Schnell mal ranfahren an den Counter, in einen Becher spucken und einen Moment warten. Und noch bevor man bei der Arbeit eintrifft wissen, ob man sich mit Corona infiziert hat oder nicht – das ist die Idee der Teststation, die am Bad Wörishofer Eisstadion nun errichtet wurde. Nachdem Bad Wörishofen trotz aller Bemühungen nicht Modellregion wurde und die Entscheidung dazu im Ministerium wohl immer noch aussteht, hat man sich in der Kneippstadt entschlossen, andere Wege zu beschreiten.

Nicht nur, dass mit Ullrich Dollinger von Ledonik-LED-Technik ein Betreiber der Teststation auf die Stadt zukam – mit dem Bad Wörishofer Dr. Frank Scholz, Deutschland-CEO bei visionet, ist zudem eine Firma am Start, die an der Digitalisierung der Abläufe arbeitet. Langfristig soll, so Tim Hentrich, Wirtschaftsförderer der Stadt, der Papierkram entfallen und die Getesteten mittels Smartphone-App zuerst einen Termin für den Test vereinbaren können und anschließend das Testergebnis, ohne vor Ort warten zu müssen, fälschungssicher auf das Smartphone zugeschickt bekommen.
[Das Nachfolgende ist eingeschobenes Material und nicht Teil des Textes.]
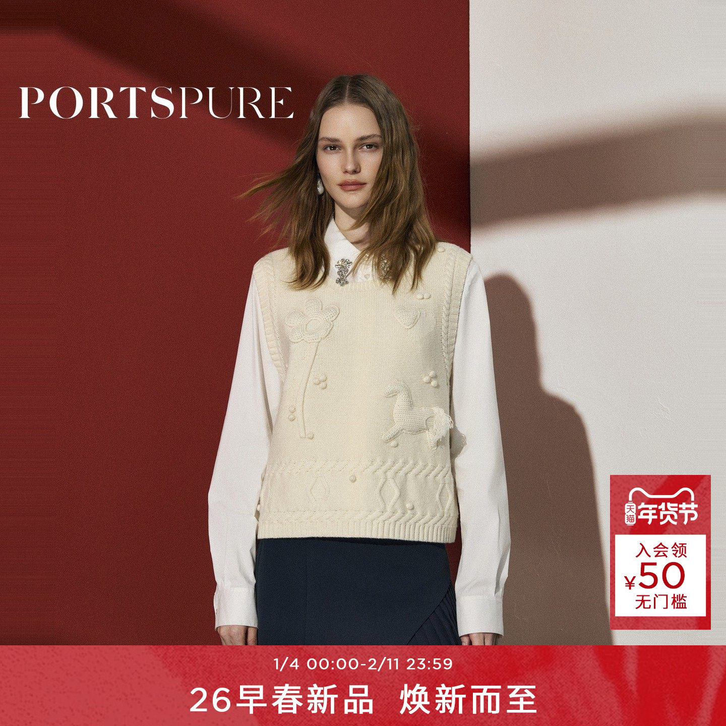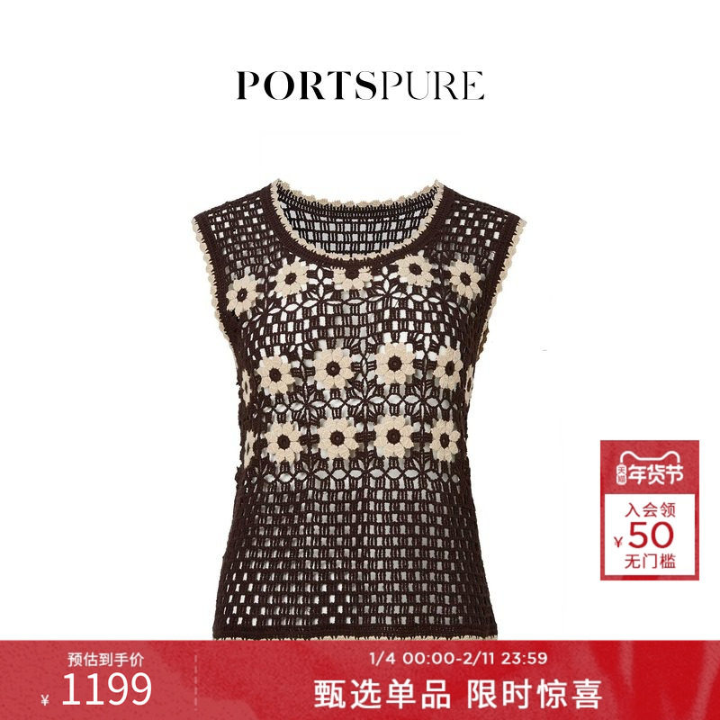 宝姿PORTSPURE女装2026早春新品花卉立体勾针绣圆领针织马甲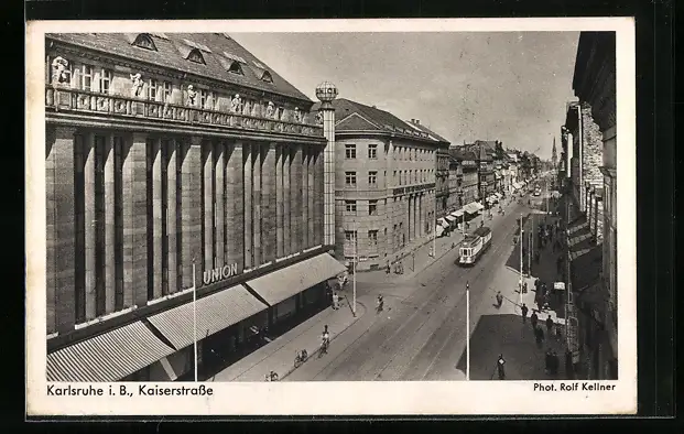AK Karlsruhe, Strassenbahn in der Kaiserstrasse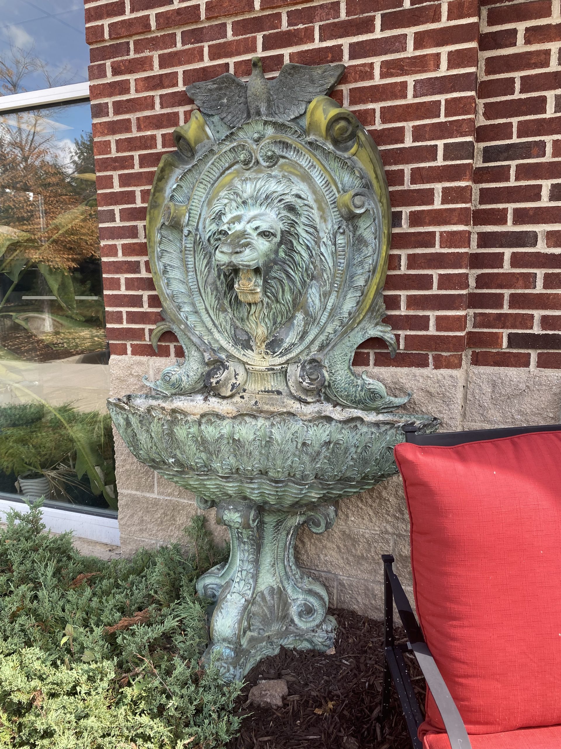 XXL Bronze Lion Motif Water Fountain/Planter Price $3,999.99 Size: 49.5in x 24in x 80in (LxWxH) Additional Pictures Product Location Location Ann Arbor Store Other related products: 2-IKEA BLACK SKOALBODA CHAIRS Sold Separate Location: Jackson Store Vintage Russell Woodard Daisy Bouquet Wrought Iron Outdoor Dining Table with 4 Vintage French Bistro Chairs$849.99 Location: Ann Arbor Store 3 ~ Garden Treasures Yorkford End Tables ~ Sold Separately!$52.00 Location: Ann Arbor Store 2 ~ Garden Treasures Yorkford Chaise Lounges ~ Sold Separately!$210.00 Location: Ann Arbor Store 4 Piece Garden Treasures Yorkford High Top Table Set$420.00 Location: Ann Arbor Store << back to the catalog

Damit könnten sich auch Schüler vor Unterrichtsbeginn testen lassen. So ließe sich auch ausschließen, so Bürgermeister Stefan Welzel, dass ein möglicherweise infiziertes Kind mit dem Schulbus unterwegs ist.

„Speichelprobe“

Beim Probelauf vergangene Woche überzeugten sich die Beteiligten von der Einrichtung und dem Ablauf des Testens. Dabei betonte Wirtschaftsförderer Hentrich, dass beim Spucktest eine „Speichelprobe“ über eine Mundspülung abgegeben werde. Diese funktioniere ebenso zuverlässig wie der Nasentest und sei genauso zertifiziert. Wie auch Hentrich knüpft Stefan Welzel große Hoffnungen an das Testzentrum, das modular erweiterbar ist, wenn es die Nachfrage erfordert.
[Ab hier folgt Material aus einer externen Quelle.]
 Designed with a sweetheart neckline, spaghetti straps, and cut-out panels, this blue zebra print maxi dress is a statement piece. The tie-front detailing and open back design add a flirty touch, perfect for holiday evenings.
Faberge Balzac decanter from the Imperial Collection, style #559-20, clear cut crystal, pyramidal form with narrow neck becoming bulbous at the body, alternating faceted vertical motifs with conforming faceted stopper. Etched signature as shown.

Zunächst soll unter der Woche von Montag bis Freitag von 8 Uhr morgens bis um 10 Uhr getestet werden (also vor der Arbeit) und am Nachmittag von 16 bis 18 Uhr. Derzeit sei man noch am Tüfteln für die Infrastruktur als solche, so Hentrich – etwa, was die Stromversorgung anbelangt. Und wie auch Stefan Welzel betont der Kämmerer die Bedeutung des Projektes, das „von Wörishofern für Wörishofer“ gedacht ist, ein Angebot an die Arbeitnehmer und Arbeitgeber in der Stadt. Laut Stadt ist für eine Testung zwingend eine telefonische Anmeldung erforderlich: Hierfür stehe die Telefonzentrale der Stadt Bad Wörishofen zu den Rathausöffnungszeiten unter Tel. 08247/969010 zur Verfügung.
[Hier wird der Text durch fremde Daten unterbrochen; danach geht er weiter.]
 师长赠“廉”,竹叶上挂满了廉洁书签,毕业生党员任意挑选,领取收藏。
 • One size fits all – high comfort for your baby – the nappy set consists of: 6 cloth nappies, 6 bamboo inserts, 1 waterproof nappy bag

Getestet werden, ohne aus dem Auto zu steigen

Abgerechnet werden die Tests mit der Kassenärztlichen Vereinigung Bayern (KBV). Während die Stadt die derzeit drei Buden als Anlaufpunkt für die Testwilligen zur Verfügung stellt, übernimmt die Firma Ledonik das Testen an sich und stellt das Personal. Auch seitens der Apotheken in der Innenstadt wird das Konzept begrüßt, lassen sich hier doch vor allem Menschen vor dem Einkauf testen. Mit dem Drive-Through – dabei kann man sich im Auto sitzend testen lassen und weiterfahren, ohne in Kontakt mit andren Menschen zu kommen – sollen vor allem die Arbeitnehmer angesprochen werden, die etwa ins Industrie- oder Gewerbegebiet im Norden der Kneippstadt fahren. Auch biete man damit der Therme ein Perspektive (mehr dazu hier), so Stefan Welzel, der derzeit mit den Unternehmern in der Stadt in Kontakt stehe. So könnten sich hier nicht nur die Mitarbeiter sondern auch die Thermenbesucher testen lassen.